The Inequalities of Health Access in Developing Countries
For many years now, healthcare for people in third world countries has never been good. In fact, the right of healthcare has yet to become a reality for millions of people around the world. According to the Humanium, more than 13 million children under the ages of five tend to die from illnesses that cannot be treated or avoided. There are a number of health inequalities that have come about from the lack of health access to developing nations.
Poor Populations Are Affected Most
It is the poor population around the world who suffers the most risks when it comes to food shortages, lack of drinking water and having a proper sanitation system. Consequently these populations will be more vulnerable to diseases and get sick.
Infectious diseases tend to be more serious with children suffering from malnutrition and having little to no access to drinking water. In fact, regions like India, Nigeria, and Pakistan account for over half of the children’s deaths worldwide.

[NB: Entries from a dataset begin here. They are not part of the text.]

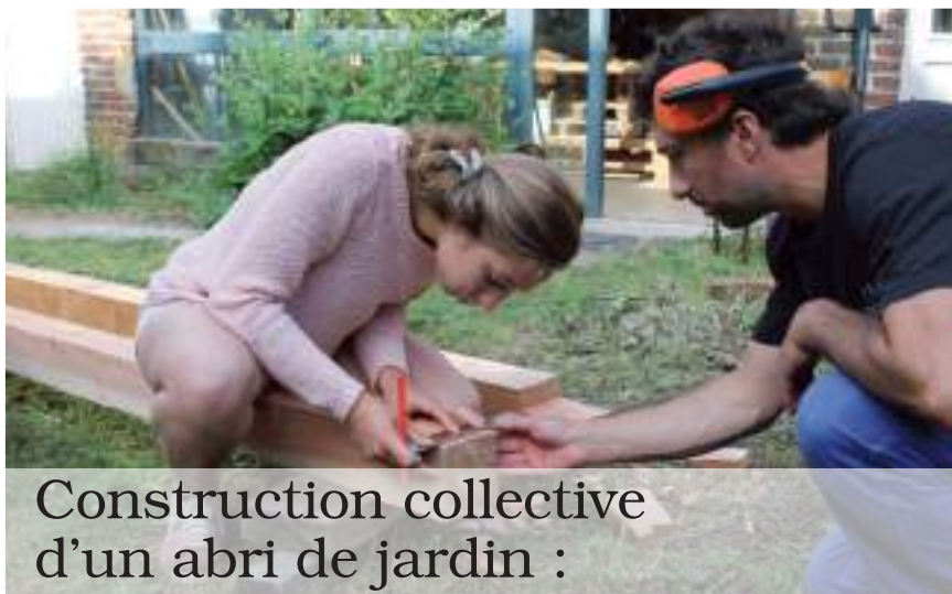
Construction collective d'un abri de jardin :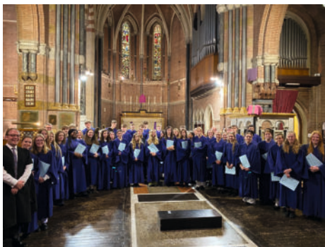
Repton Chapel Choir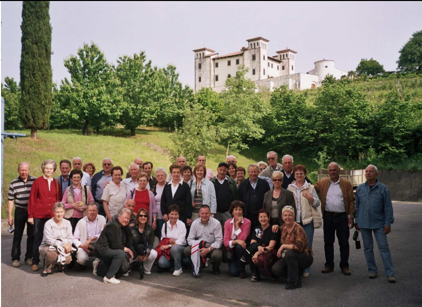
Foto di gruppo ripresa dall'azienda vinicola Vinska klet "Goriska Brda" – sullo sfondo il castello di Dòbrovo

Programma ore 7,30 ritrovo dei partecipanti presso il parcheggio delle scuole medie, via De Pellegrini ore 7,35 partenza da Porcia in corriera ore 8.45 arrivo a Rosazzo, visita guidata della Basilica, del chiostro e del Sentiero delle Rose ore 13,00 pranzo all'interno del castello di Dòbrovo ore 15,00 Visita guidata del Castello e della mostra del pittore di fama mondiale Zoran Music ore 16,00 visita guidata alla Vinska klet "Goriska Brda", la più grande cantina della Slovenia Percorso panoramico in zona collinare ore 17,00 Visita guidata del paese medioevale di Smrtno (San Martino) ore 18.00 Degustazione guidata di vini con spuntino ore 19.00 Partenza ore 20.00 Rientro a Porcia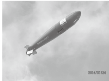
気球空撮システム (7/6 登場予定!)

安全、安心なまちをつくり、守るため、土木の世界で使われるいろいろな機器を実演紹介します。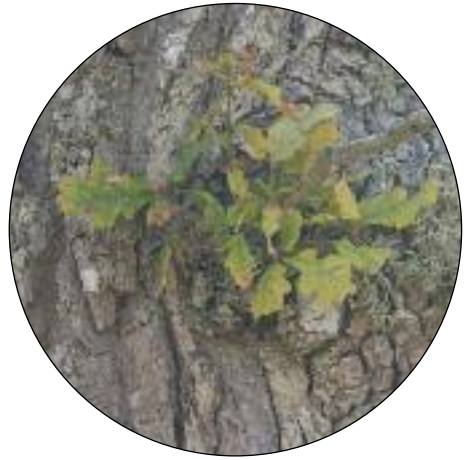
Det gamle træ - med blade på...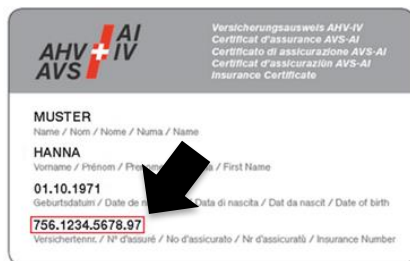
Certificat d'assurance AVS-AI

Pour compléter le formulaire eMesam, vous avez besoin de votre numéro d'AVS. Celui-ci est disponible sur votre carte d'AVS ou sur votre carte d'assuré LAMAL :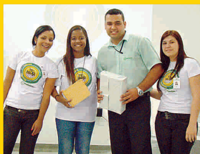
Sorteio de brindes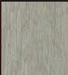
MU - 001 - URB

Healthcare And Medicine Are Prohibitive for Millions
There are many people who do not benefit from health coverage. Hence, they do not have access to healthcare beyond their means. Some people even have to wait for years to save and see a doctor or even a specialist.
Moreover, large pharmaceutical companies place extreme prices on their medicines which makes it difficult for third world nations to afford important medicines that they are in need of the most.
Failure to Improve Healthcare Systems
All of these issues have been a result of the government’s failure to improve the healthcare facilities for their people. The death rate of children has increased significantly over the years due to infectious diseases as a result of low vaccination levels. Additionally, most developing countries do not have enough staff or healthcare equipment that can cater to people’s medical needs.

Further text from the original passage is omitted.